Secondly, although this procedure can work when using a laptop/desktop, making it work on smart phones will be much more cumbersome, perhaps almost impossible. As far as I know, there is no easy way to save web pages as html in browsers on iOS.

Finally, to answer the question asked, there does seem to be a way for the server to load a malicious version of the page. The HTTP Refresh header, which is an unofficial header, but appears to be supported by many browsers, could potentially allow the server the to redirect the user to a malicious page. By serving the original page and setting a refresh time of, say 5 minutes, the server could be reasonably sure the refresh occurs after the user has verified the integrity of the page, and then hope the user does not notice the redirect. Since this is sent as a header, it will not affect the integrity of the original page and the signature will remain valid.

Answer 2

It is possible to do this via browser extensions and it is not necessary for the user to download the signed web application and run in locally.

Since you already have a trusted reviewer/trusted third party that does a code review and signs the web app along with all (transitive) sub resources. They can also publish a browser extension that does the verification on the fly. The hashes that are checked against might be built in to the extension or downloaded regularly from a server of the TTP.

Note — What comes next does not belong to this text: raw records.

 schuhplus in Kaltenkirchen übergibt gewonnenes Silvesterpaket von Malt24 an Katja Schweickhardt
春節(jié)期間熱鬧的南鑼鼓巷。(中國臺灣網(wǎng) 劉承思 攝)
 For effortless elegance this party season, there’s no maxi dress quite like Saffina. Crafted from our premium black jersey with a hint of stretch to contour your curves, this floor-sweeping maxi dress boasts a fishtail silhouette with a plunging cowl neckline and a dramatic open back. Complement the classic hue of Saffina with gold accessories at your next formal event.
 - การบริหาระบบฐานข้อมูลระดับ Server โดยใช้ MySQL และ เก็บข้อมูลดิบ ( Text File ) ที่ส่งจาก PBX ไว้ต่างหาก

There are a lot of hooks that are provided to such browser extensions to control the executions of requests. The trouble is that browsers start to execute code as soon as it is there while a request is not yet complete. That means that the web app must be written in such a way that the execution starts after the request is received and validated. The validation can be done through this (if it were implemented anywhere; haven't tested it) or by reading the page content after the onCompleted callback.

The trouble is that this might be insufficient. If the web app is misbehaving it might not wait until the request is fully loaded and start sending data off to somewhere else. A CSP policy enforced through the extension might be the way to go there. Additionally, the extension might block (through the webrequest API) any network requests from the web app until it is verified. If the verification failed, the extension can close the tab and open a notification saying that the web app source changed in an unexpected way which might mean that the operators tried to sneak something in or simply that some other extension manipulated the source.

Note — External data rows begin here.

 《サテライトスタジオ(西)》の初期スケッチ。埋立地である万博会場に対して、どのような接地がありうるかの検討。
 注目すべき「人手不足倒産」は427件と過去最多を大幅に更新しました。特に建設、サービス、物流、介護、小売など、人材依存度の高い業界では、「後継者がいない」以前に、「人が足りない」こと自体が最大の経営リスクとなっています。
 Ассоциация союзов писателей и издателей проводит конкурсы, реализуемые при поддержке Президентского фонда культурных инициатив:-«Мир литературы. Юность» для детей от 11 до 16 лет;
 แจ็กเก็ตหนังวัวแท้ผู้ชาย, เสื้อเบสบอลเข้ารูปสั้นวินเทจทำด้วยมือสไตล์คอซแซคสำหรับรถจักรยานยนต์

Sadly, it doesn't seem to be possible to look at the actual received response through the extension API which means that the web app might be sneaky by running some JavaScript and immediately removing the evidence that some JavaScript was executed. I'm not sure there is a way to disable JavaScript for a short amount of time as long as the page is not validated.

In case this is solvable, then you've added three more trusted third parties, because you now trust Google, Apple and Mozilla as the operators of their respective Web Extension stores.

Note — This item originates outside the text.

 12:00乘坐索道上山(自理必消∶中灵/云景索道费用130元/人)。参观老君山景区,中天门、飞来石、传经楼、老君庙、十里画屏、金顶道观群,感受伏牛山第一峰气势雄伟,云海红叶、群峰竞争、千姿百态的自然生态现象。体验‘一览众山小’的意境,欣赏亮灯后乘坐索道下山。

If it works this has great user experience because new versions of the web app can be reviewed by the TR and the respective hashes added to the extension to be verified.

Answer 3

Based on the ideas in this question and the responses to this question, I've developed a small browser extension (called Page Integrity) for Firefox, for verifying the integrity of web pages containing browser-crypto code.

^{Page Integrity showing integrity information for an example page at https://www.pageintegrity.net/signedpage.html. The SHA-256 checksum hash of the page source is shown. The page is also signed with three signatures - the signer's public signing keys for these signatures are shown as well.}

Clicking the button in the browser toolbar shows integrity information about the currently loaded page in the active tab of the browser, including the SHA-256 checksum hash of the page source. Additionally, if the page source is signed with one or more digital signatures, PI will verify the signatures, and show the signer's public signing keys for these signatures.

For more information, see https://www.pageintegrity.net/.

Answer 4

I read this about signal pretending they can use SGX so A can remotely assert that B run a trusted code : https://signal.org/blog/secure-value-recovery/

I don't knwo if they found new theoretical concept or if this is just a stack of protection with the hope that they don't all fall off. The technical details are not trivial.

Do you think it could be a solution ?